DIRECTIONS FOR THIS TASK: Copy exactly and only the lines running from the one that contains "Đại diện Trung" to the final line of the data below, without the pictures.

_ _ _ _

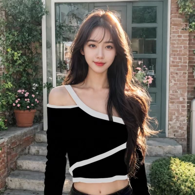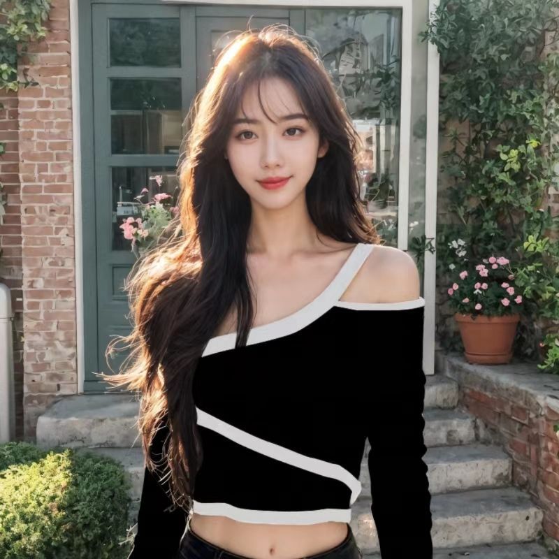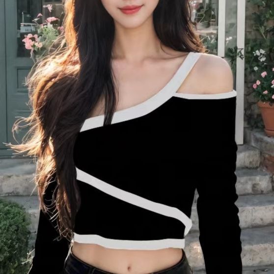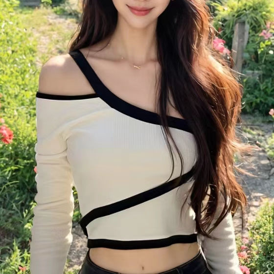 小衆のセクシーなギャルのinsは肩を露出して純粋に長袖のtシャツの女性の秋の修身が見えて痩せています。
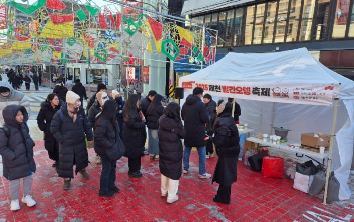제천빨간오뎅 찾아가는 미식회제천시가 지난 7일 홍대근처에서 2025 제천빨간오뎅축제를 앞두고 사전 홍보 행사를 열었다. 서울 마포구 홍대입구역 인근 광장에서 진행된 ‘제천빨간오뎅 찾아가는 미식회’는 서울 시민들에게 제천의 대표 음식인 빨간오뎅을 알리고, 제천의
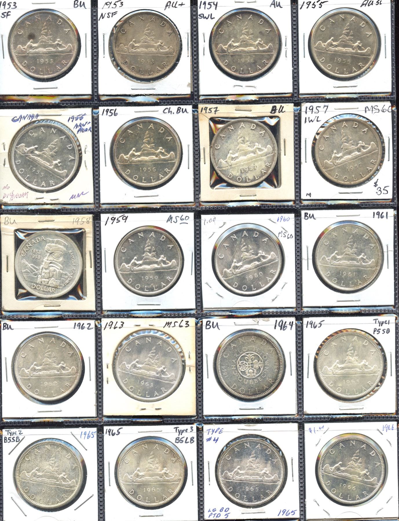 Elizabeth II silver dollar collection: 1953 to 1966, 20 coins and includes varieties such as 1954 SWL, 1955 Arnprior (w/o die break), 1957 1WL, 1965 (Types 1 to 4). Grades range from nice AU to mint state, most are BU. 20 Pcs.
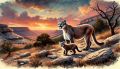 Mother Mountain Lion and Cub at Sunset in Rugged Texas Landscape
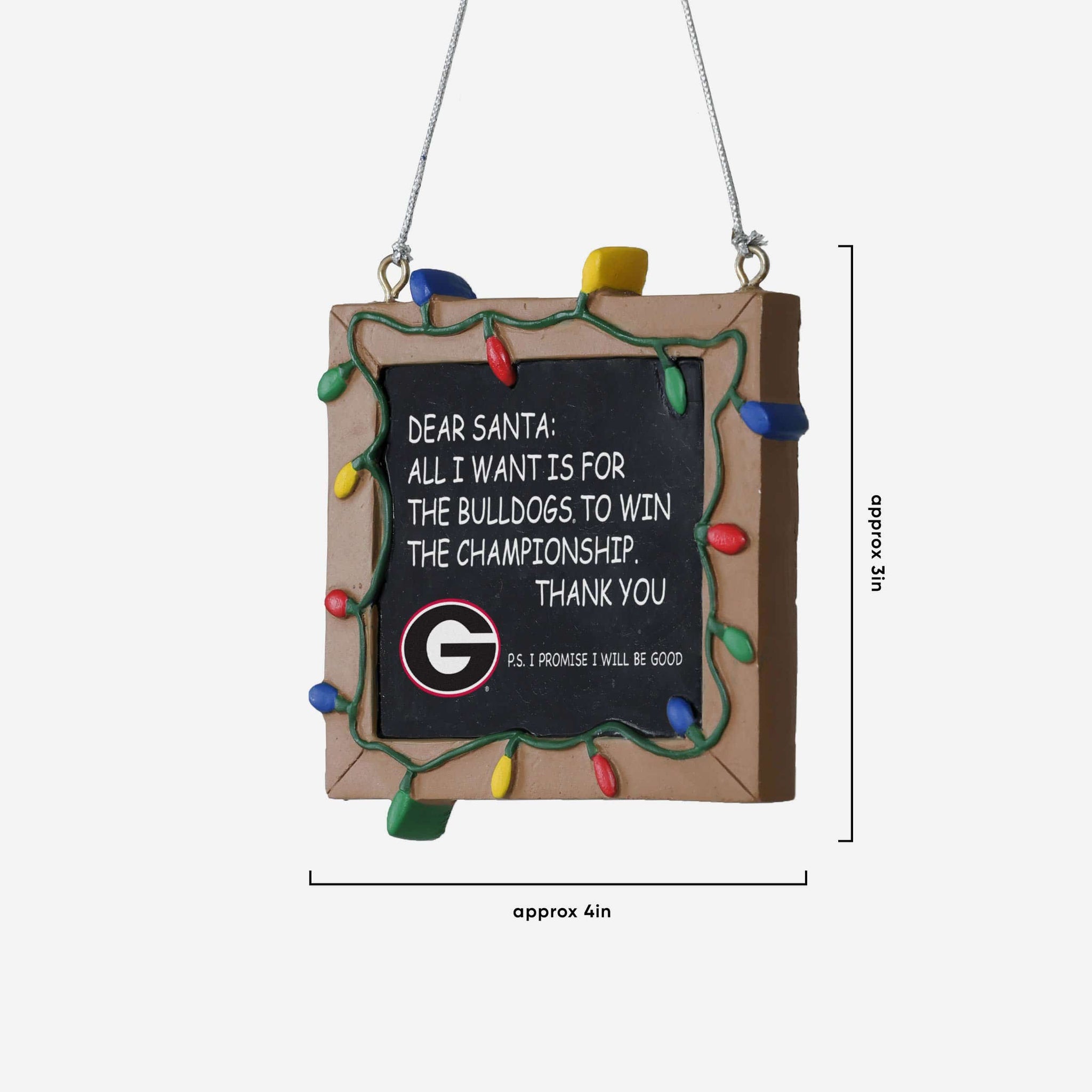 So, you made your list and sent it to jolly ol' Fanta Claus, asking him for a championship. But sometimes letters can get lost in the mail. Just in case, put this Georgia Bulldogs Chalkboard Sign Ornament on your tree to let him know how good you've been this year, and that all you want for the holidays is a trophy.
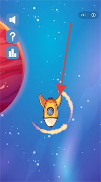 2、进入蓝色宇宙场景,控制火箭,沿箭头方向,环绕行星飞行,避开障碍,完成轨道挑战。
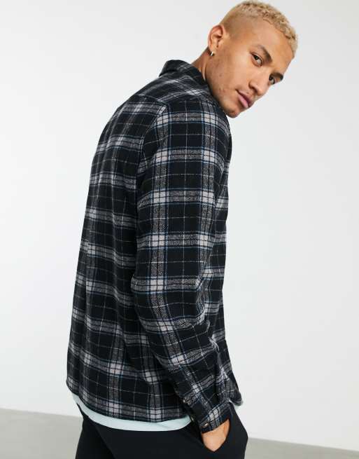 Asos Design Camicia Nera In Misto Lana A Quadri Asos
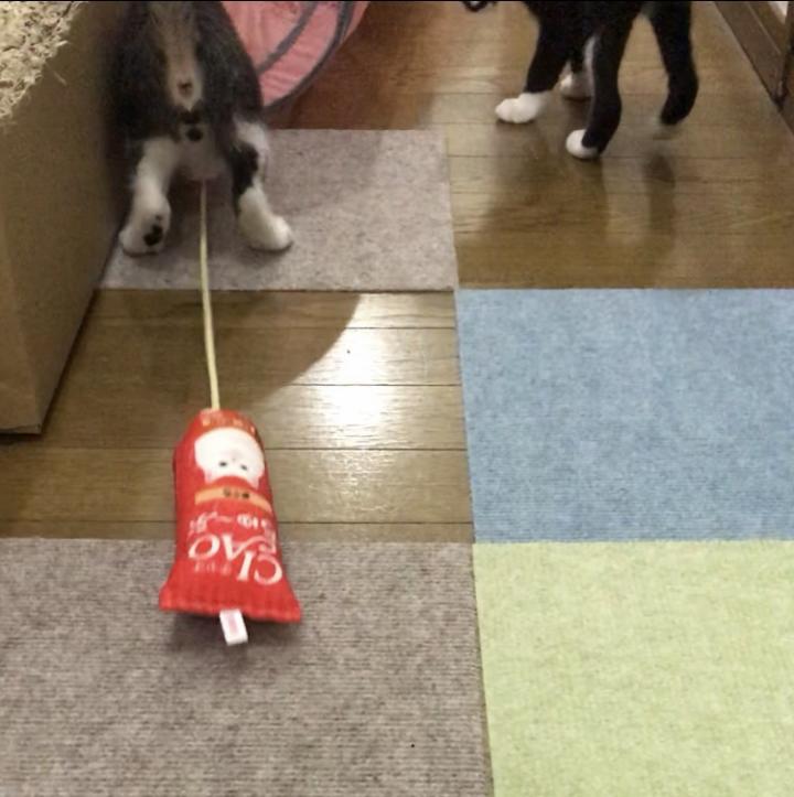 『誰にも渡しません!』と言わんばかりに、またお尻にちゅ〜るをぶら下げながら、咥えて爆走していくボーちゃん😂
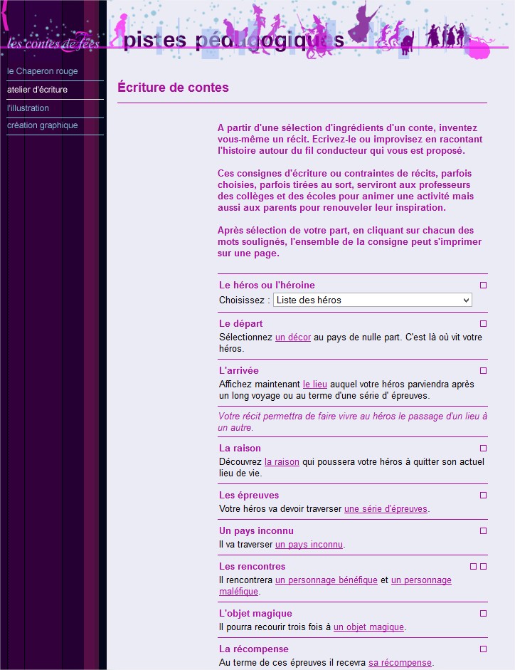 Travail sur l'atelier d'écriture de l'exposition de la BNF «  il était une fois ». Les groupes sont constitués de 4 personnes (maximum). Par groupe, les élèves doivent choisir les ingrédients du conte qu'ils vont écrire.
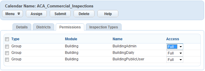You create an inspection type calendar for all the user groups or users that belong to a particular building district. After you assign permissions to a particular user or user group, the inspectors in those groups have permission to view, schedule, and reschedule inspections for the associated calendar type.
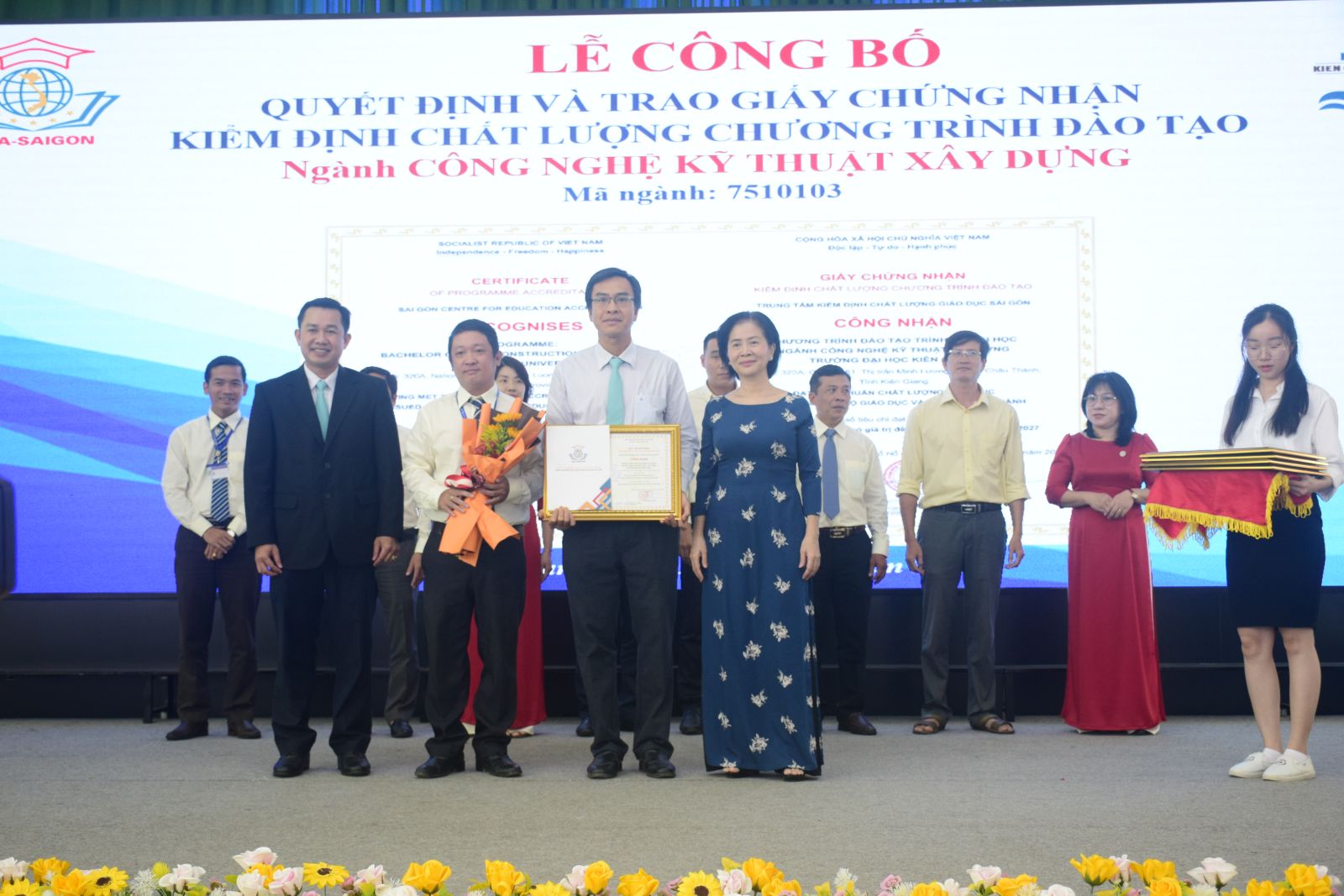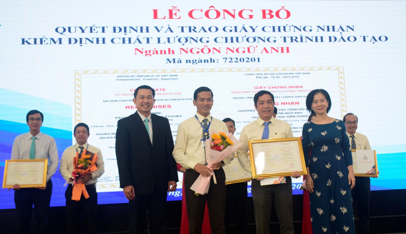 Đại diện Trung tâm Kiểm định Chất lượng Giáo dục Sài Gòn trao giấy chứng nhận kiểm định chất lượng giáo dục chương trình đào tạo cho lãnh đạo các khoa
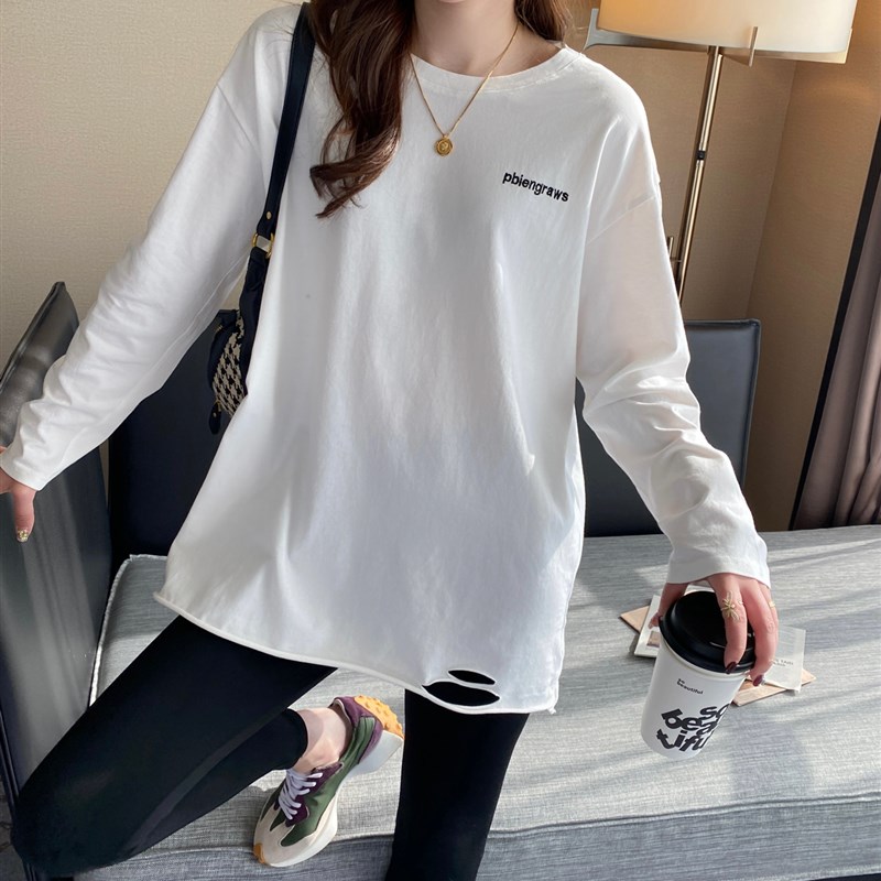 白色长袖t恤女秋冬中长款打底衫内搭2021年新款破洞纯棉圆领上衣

_ _ _ _

WRITTEN SOLUTION:
 Đại diện Trung tâm Kiểm định Chất lượng Giáo dục Sài Gòn trao giấy chứng nhận kiểm định chất lượng giáo dục chương trình đào tạo cho lãnh đạo các khoa
 白色长袖t恤女秋冬中长款打底衫内搭2021年新款破洞纯棉圆领上衣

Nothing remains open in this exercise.